• Work instruction
Return nothing but the lines from the one with "Psiroy Vintage Knuckle" through the one with "Tee-shirt manches courtes/" in the data below, word for word and without pictures.

• Task material
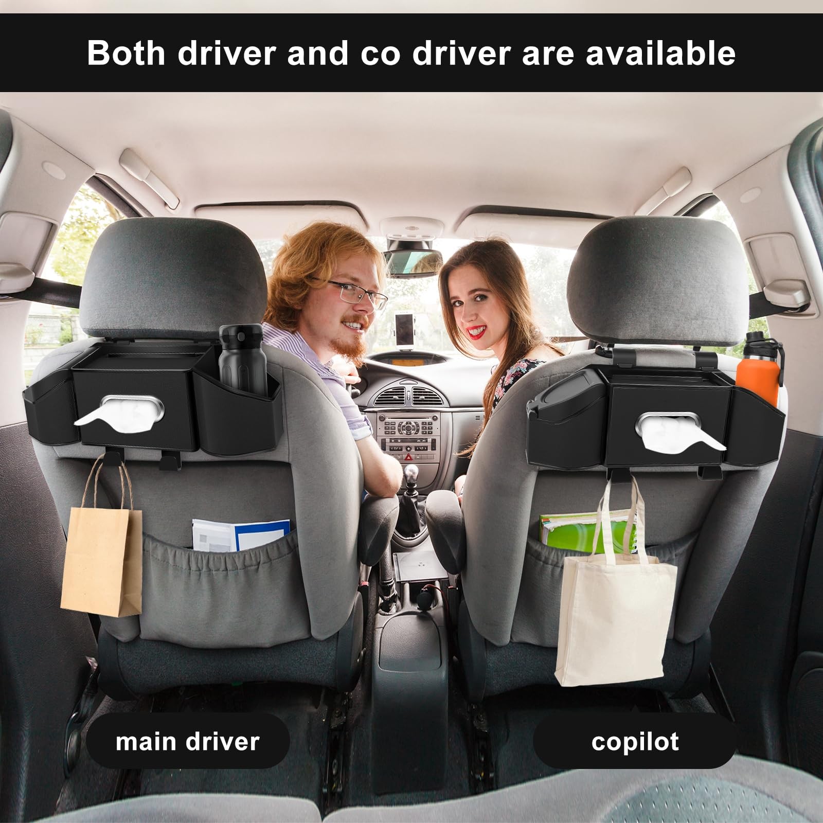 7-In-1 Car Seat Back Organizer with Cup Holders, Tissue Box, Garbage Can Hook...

* * *

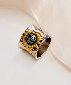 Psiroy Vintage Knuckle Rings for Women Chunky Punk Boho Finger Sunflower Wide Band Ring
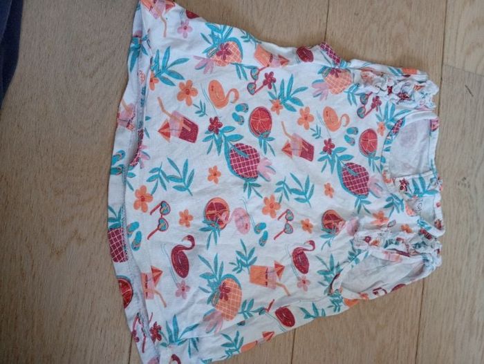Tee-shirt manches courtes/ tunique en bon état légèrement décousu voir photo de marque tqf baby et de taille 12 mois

• Solution for this problem
 Psiroy Vintage Knuckle Rings for Women Chunky Punk Boho Finger Sunflower Wide Band Ring
Tee-shirt manches courtes/ tunique en bon état légèrement décousu voir photo de marque tqf baby et de taille 12 mois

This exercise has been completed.